• _What is needed_: Each line from the one holding "The fitted silhouette" through the end of the records should be returned exactly, while pictures are skipped.

• _Records shown_:
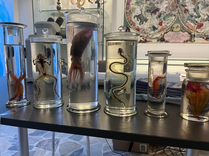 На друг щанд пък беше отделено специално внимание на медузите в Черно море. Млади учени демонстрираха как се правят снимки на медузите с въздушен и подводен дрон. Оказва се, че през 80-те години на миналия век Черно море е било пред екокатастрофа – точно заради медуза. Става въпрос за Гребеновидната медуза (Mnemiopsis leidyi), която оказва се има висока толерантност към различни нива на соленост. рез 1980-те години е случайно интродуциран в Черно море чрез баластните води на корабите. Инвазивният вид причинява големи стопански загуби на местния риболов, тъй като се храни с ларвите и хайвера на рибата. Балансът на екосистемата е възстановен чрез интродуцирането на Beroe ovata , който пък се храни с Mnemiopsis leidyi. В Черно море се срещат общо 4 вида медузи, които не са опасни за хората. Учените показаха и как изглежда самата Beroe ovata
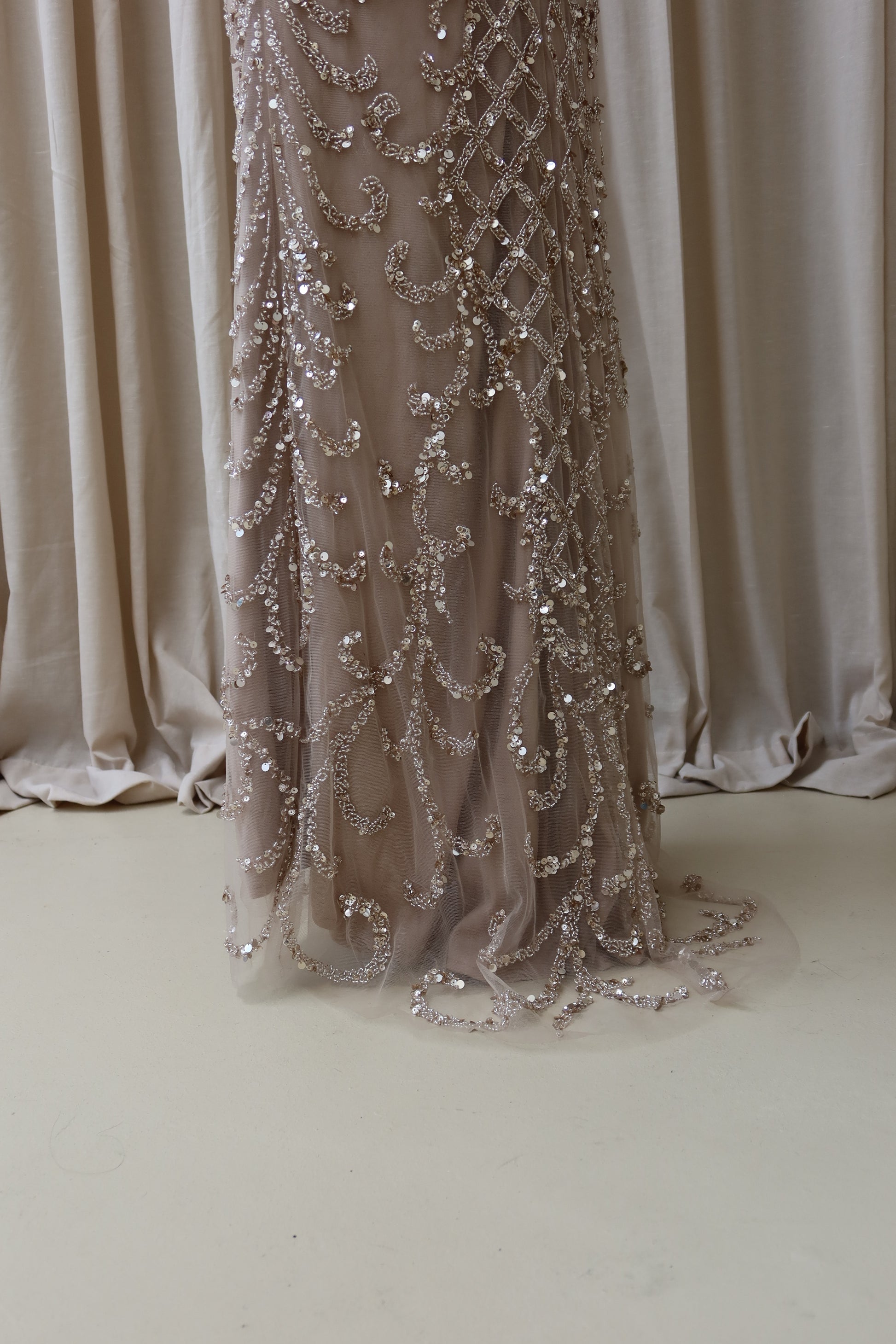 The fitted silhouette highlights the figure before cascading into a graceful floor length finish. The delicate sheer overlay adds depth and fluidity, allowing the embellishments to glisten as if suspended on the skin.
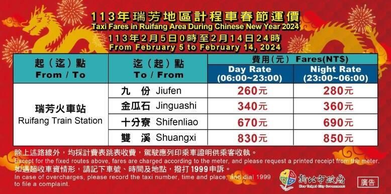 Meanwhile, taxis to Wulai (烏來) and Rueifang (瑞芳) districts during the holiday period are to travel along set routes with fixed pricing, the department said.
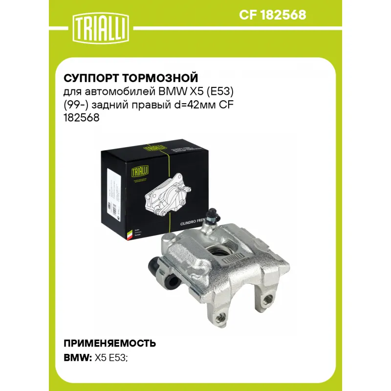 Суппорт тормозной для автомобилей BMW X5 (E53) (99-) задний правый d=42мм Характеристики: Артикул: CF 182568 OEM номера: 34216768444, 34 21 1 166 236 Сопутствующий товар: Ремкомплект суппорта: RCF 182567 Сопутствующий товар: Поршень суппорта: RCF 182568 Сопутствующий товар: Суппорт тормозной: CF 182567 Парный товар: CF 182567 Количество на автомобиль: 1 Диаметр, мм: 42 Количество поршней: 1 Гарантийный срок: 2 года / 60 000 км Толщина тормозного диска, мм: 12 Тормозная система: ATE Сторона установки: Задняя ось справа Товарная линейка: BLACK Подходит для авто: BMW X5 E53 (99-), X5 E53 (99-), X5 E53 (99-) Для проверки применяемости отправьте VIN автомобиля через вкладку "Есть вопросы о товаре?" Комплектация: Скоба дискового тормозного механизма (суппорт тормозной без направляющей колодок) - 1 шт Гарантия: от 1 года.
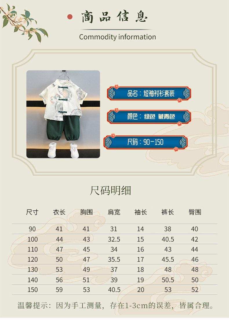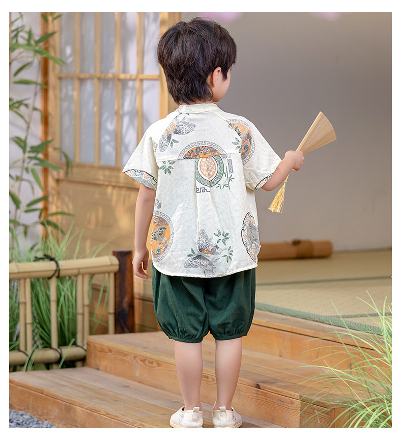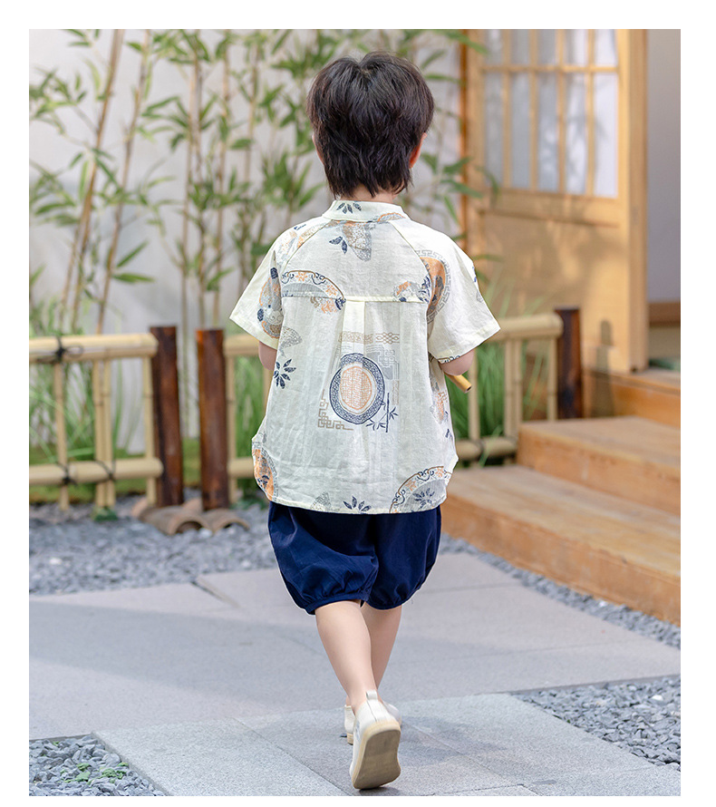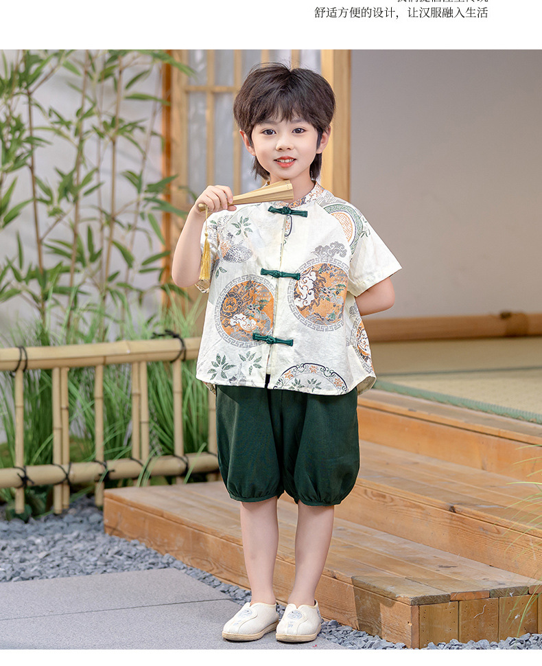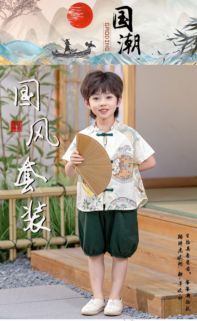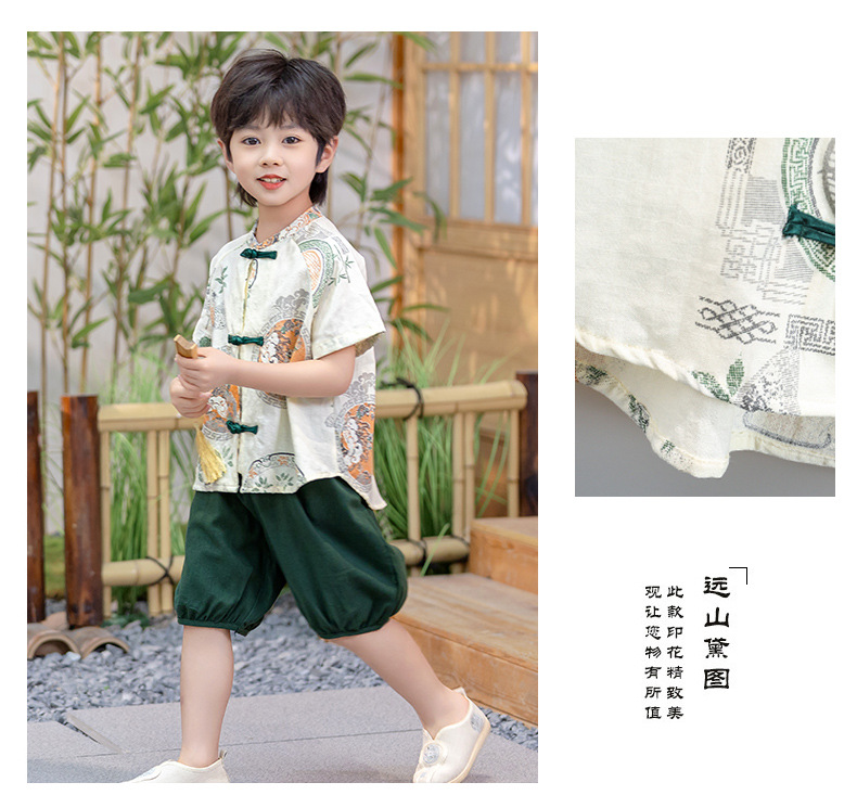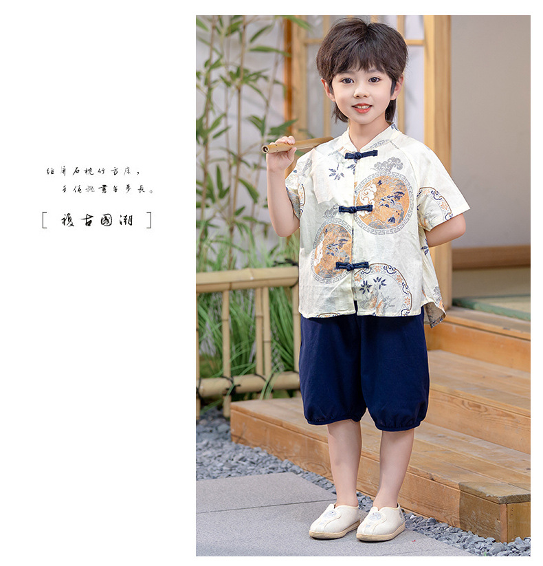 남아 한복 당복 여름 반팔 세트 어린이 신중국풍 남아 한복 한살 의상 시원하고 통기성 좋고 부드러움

• _Solution to the exercise_:
 The fitted silhouette highlights the figure before cascading into a graceful floor length finish. The delicate sheer overlay adds depth and fluidity, allowing the embellishments to glisten as if suspended on the skin.
 Meanwhile, taxis to Wulai (烏來) and Rueifang (瑞芳) districts during the holiday period are to travel along set routes with fixed pricing, the department said.
 Суппорт тормозной для автомобилей BMW X5 (E53) (99-) задний правый d=42мм Характеристики: Артикул: CF 182568 OEM номера: 34216768444, 34 21 1 166 236 Сопутствующий товар: Ремкомплект суппорта: RCF 182567 Сопутствующий товар: Поршень суппорта: RCF 182568 Сопутствующий товар: Суппорт тормозной: CF 182567 Парный товар: CF 182567 Количество на автомобиль: 1 Диаметр, мм: 42 Количество поршней: 1 Гарантийный срок: 2 года / 60 000 км Толщина тормозного диска, мм: 12 Тормозная система: ATE Сторона установки: Задняя ось справа Товарная линейка: BLACK Подходит для авто: BMW X5 E53 (99-), X5 E53 (99-), X5 E53 (99-) Для проверки применяемости отправьте VIN автомобиля через вкладку "Есть вопросы о товаре?" Комплектация: Скоба дискового тормозного механизма (суппорт тормозной без направляющей колодок) - 1 шт Гарантия: от 1 года.
 남아 한복 당복 여름 반팔 세트 어린이 신중국풍 남아 한복 한살 의상 시원하고 통기성 좋고 부드러움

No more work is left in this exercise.